Soal Korupsi Minyak Mentah, Firnando Pertanyakan Peran Pertamina Sebagai Induk Perusahaan
Jakarta - Komisi VI DPR RI menggelar Rapat Dengar Pendapat dengan Direktur Utama PT. Pertamina (Persero) beserta Sub holding, diantaranya PT. pertamina Internasional Shipping, PT. Pertamina Patra Niaga, dan PT. Kilang Pertamina Internasional yang dilaksakan di Ruang Rapat Komisi VI, Komplek Parlemen, Senaya, selasa (11/3/25).
Adapun agenda pembahasan RDP tersebut diantaranya terkait Evaluasi kinerja korporasi 2024, Rencana kerja dan roadmap korporasi 2025, kesiapan dukungan BBM terhadap arus mudi dan arus balik lebaran Idul Fitri 2025, serta pembahasan lainnya terhadap isu dan persoalan Pertamina yang saat ini terjadi.
Dapal RDP tersebut, Anggota Komisi VI DPR RI Firnando H Ganinduto mempertanyakan peran PT Pertamina sebagai induk perusahaan atas dugaan korupsi tata kelola minyak mentah yang melibatkan anak perusahaan atau sub holdingnya. Praktik korupsi dinilainya karena ada mismanajemen perusahaan pelat merah tersebut.
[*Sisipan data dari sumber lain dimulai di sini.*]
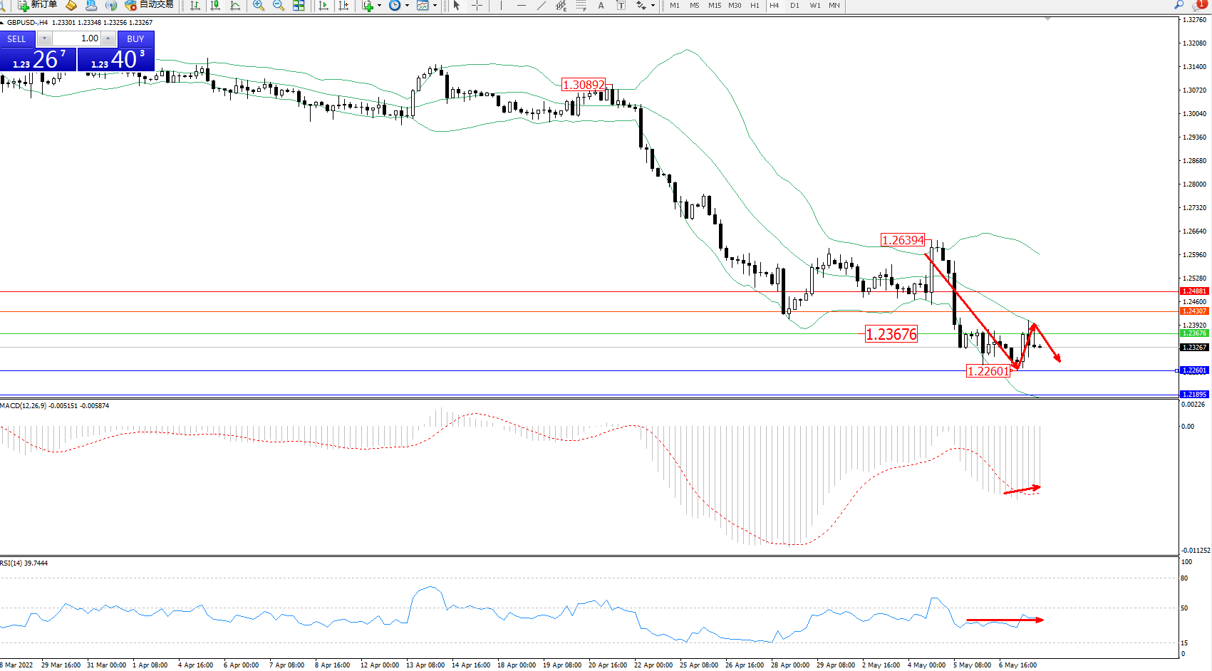 英镑美元GBPUSD ——4小时K线图显示:

"Perannya holding ke mana saja, Ini tidak diawasi atau bagaimana. Ini perlu perhatian khusus," kata Firnando saat Rapat Dengar Pendapat (RDP) dengan Pertamina dan Sub-holding.
Firnando meminta pimpinan induk Pertamina menelusuri apakah ada keterlibatan petinggi lainnya pada jabatan periode sebelumnya. Sebab, pengecekan yang baik seharusnya dapat mencegah praktik korupsi itu.
"Itu harus terdeteksi dari direksi-direksi yang kemarin, sebelum pak Simon. Perlu ditanya, apalagi komisaris-komisaris yang gajinya miliaran (rupiah)," ucap Firnando.
Jika nanti pimpinan sub-holding Pertamina yang baru telah ditetapkan melalui rapat umum pemegang saham (RUPS) atau penunjukan pelaksana tugas (Plt), maka harus bekerja dengan baik.
"Jadi, para Plt ini. Para direksi yang digantikan oleh Plt, pastikan mereka bisa bekerja baik dan berani melakukan satu hal. Karena the show must go on ,tidak bisa setop di sini," tegas Firnando
Selain itu, Firnando juga menyoroti dampak praktik korupsi tata kelola minyak mentah, selain menurunkan kepercayaan masyarakat, melainkan membuat perbankan enggan bekerja sama dengan perusahaan pelat merah itu.
"Dampaknya luar biasa Pertamina ini, selain distrust. Ada beberapa bank sudah tidak percaya dengan Pertamina atau meng-hold kerja sama dengan Pertamina," kritiknya.
Kejaksaan Agung (Kejagung) menyebut kerugian keuangan negara dalam kasus dugaan korupsi tata kelola minyak mentah PT Pertamina tahun 2018-2023 sekitar Rp 193,7 triliun. Total ada sembilan tersangka kasus korupsi tersebut.
"Jangan sampai ini terulang kembali. Terus menerus terjadi, triliunan (rupiah) dikorupsi, negara kita bisa hancur. Mohon perhatiannya," pungkasnya.